WeBWorK. There are four WeBWorK assignment on today’s material:
ShiftingParabolas
ParabolaLab
ParabolaVertices-CtS
ParabolaVertices-VertexFormula
Lesson Notes.
Video Lessons.
Video Lesson 13 – part 1 (based on Lesson 13 Notes – part 1)
Video Lesson 13 – part 2 (based on Lesson 13 Notes – part 2)
Warmup Questions
These are questions on fundamental concepts that you need to know before you can embark on this lesson. Don’t skip them! Take your time to do them, and check your answer by clicking on the “Show Answer” tab.
Warmup Question 1
Consider the line given by $y=2x+5$. Find the $x$- and $y$-intercepts. Graph the line by labeling these two points.
Show Answer 1
For the line given by $y=2x+5$, we have
$\bullet$ $x$-intercept
Set $y=0$.
$$2x+5=0$$
$$2x=-5$$
$$x=-\dfrac{5}{2}$$
The $x$-intercept is $\left(-\dfrac{5}{2},0\right)$.
$\bullet$ $y$-intercept
Set $x=0$.
$$y = 2\cdot 0 + 5 = 5$$
The $y$-intercept is $(0,5)$.
$\bullet$ Graph
(graph of the line $y=2x+5$ with the $x$- and $y$-intercepts labeled)
Warmup Question 2
Given the expression $y=2x^2-7x+3$, find $y$ when $x=-\dfrac{1}{2}$.
Show Answer 2
$$y=2\left(-\dfrac{1}{2}\right)^2-7\left(-\dfrac{1}{2}\right)+3$$
$$=2\left(\dfrac{1}{4}\right)+\dfrac{7}{2}+3$$
$$=\dfrac{1}{2}+\dfrac{7}{2}+3$$
$$=4+3$$
$$=7$$
Review
If you are not comfortable with the Warmup Questions, don’t give up! Click on the indicated lesson for a quick catchup. A brief review will help you boost your confidence to start the new lesson, and that’s perfectly fine.
Need a review? Check
Quick Intro
This is like a mini-lesson with an overview of the main objects of study. It will often contain a list of key words, definitions and properties – all that is new in this lesson. We will use this opportunity to make connections with other concepts. It can be also used as a review of the lesson.
A Quick Intro to Graphs of Quadratic Functions & Vertex of a Parabola
Key Words. Quadratic function, graph, parabola, $x$- and $y$-intercepts, quadratic equation, vertex, completing the square, vertex formula, axis of symmetry.

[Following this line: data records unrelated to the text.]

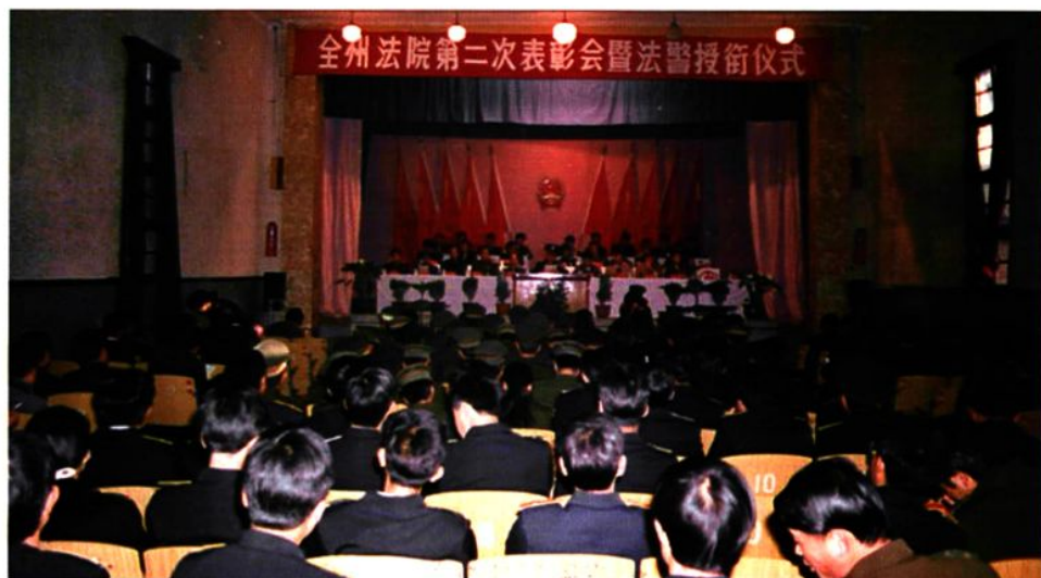
一九九六年三月四日全州法院第二次表彰会暨法警授衔仪式在大理市召开。
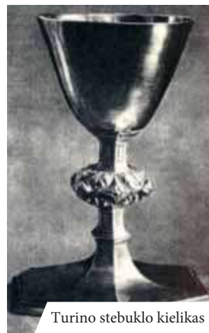
Turino stebuklo kielikas
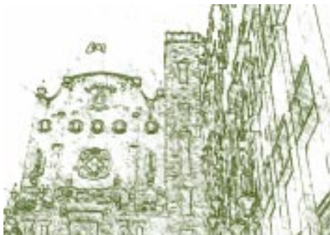
Universidad de Guanajuato. México.

La gestión del Rector Pablo González Casanova (1970-72) reconocido científico social a nivel internacional, estaba marcado por las secuelas del movimiento de 1968, en lo referente a sus posiciones políticas, a la situación interior de la Universidad y a sus proyectos de reforma universitaria. Ya desde su discurso de toma de posesión anunciaba “una democratización de la enseñanza” que significaría una apertura a grandes cantidades de jóvenes hasta ahora excluidos de los estudios de educación superior. Con ello recogió una de las demandas estudiantiles de los jóvenes de 1968.
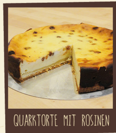
QUARKTORTE MIT ROSINEN
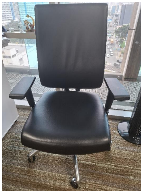
Foto de modelo de silla existente
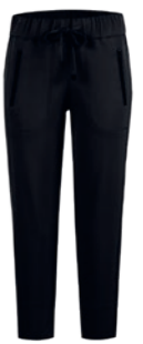
900 schwarz / black
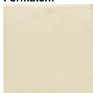
Liso 15x15 SN....01* ▲ T030
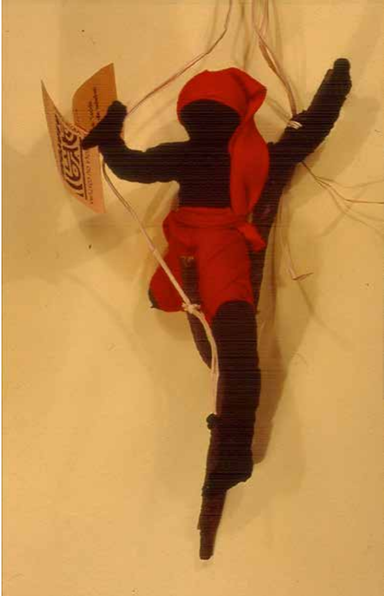
Saci-Pererê , Abayomi, Rio de Janeiro, 2004.
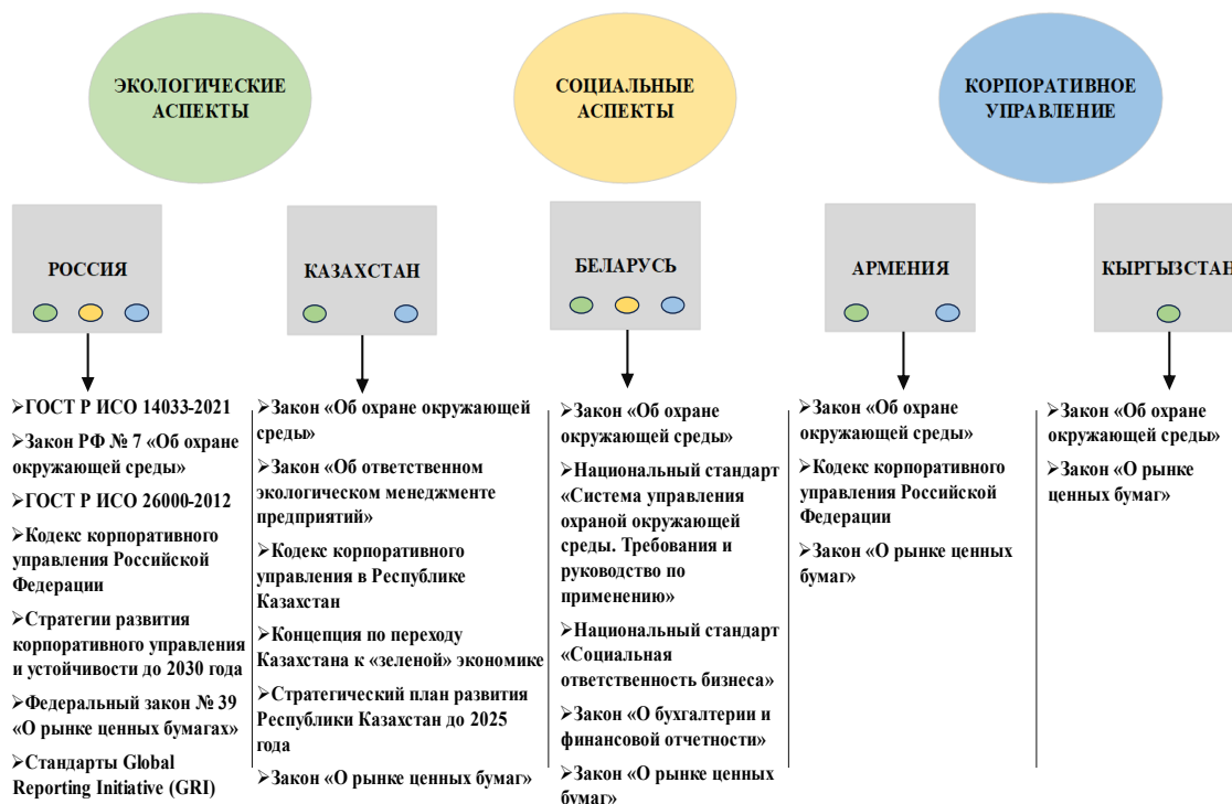
Рис. 5 Нормативная база ЕАЭС, связанная с ESG
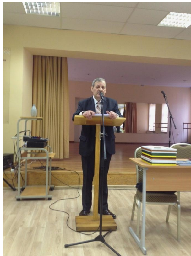
Prezidanto Jegorovas prezentas la agadraporton por 2017.

Dum kongreso oni povis aboni e-revuojn, pagi membrokotizojn. Subskribi al 103-a Universala Esperanto kongreso, kiu okazos en la Lisabono, Portugalio kaj 54aj Baltaj Esperanto Tagoj, kiuj okazos en Estonio
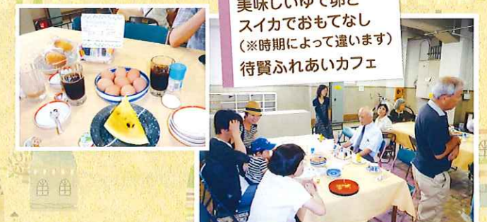
美味しいゆで卵と スイカでおもてなし (※時期によって違います) 待賢ふれあいカフェ
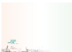
2021 年纪念封 (中型尺寸: 228 毫米 x 162 毫米)
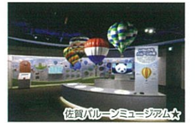
佐賀バルーンミュージアム★

国内初の常設型バルーンミュージアム。佐賀インターナショナルバルーンフェスタで撮影された臨場感あふれるバルーン映像を楽しむ大型シアタールームや、パイロット気分を味わえるバルーンフライトシミュレーター、バルーンの歴史に関する展示等をしています。
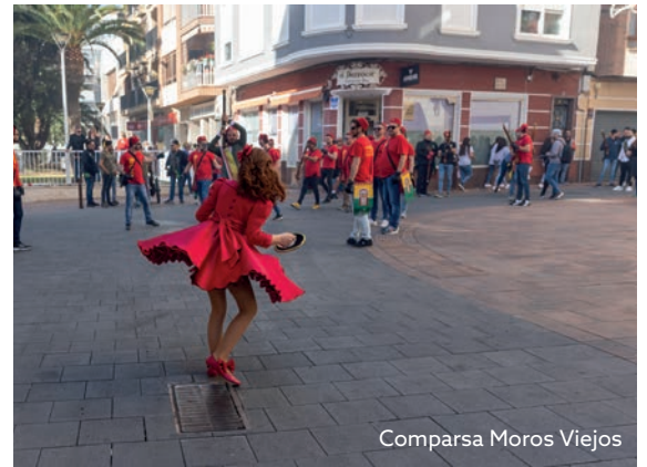
Comparsa Moros Viejos
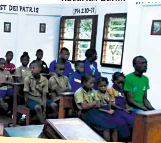
Un momento de oración juntos en la capilla del Centro.
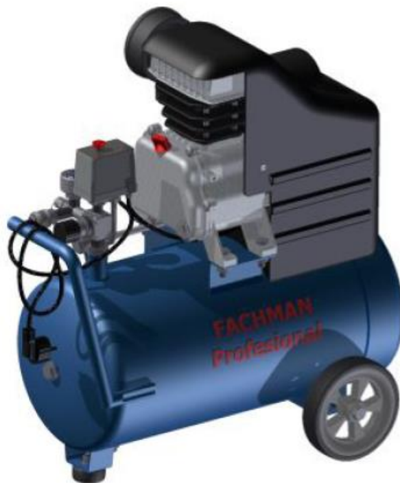
Obr. 1: celkový pohled

Tato práce se zabývá problematikou kompresorů, novými typy strojů a vylepšováním jejich konstrukce, což vede ke zdokonalování jejich energetických parametrů a smysluplnému využívání přiváděné energie..

The graph of a quadratic function
$$y=f(x)=ax^2+bx+c \qquad (a\neq 0)$$
is a parabola. The graph below shows three parabolas.
From left to right:
- Parabola 1 (in red): concave down, intersects the $x$-axis at two points.
- Parabola 2 (in blue): concave up, intersects the $x$-axis at one point only.
- Parabola 3 (in orange): concave up, does not intersect the $x$-axis.
When graphing a quadratic function $f(x)=ax^2+bx+c$, consider the following.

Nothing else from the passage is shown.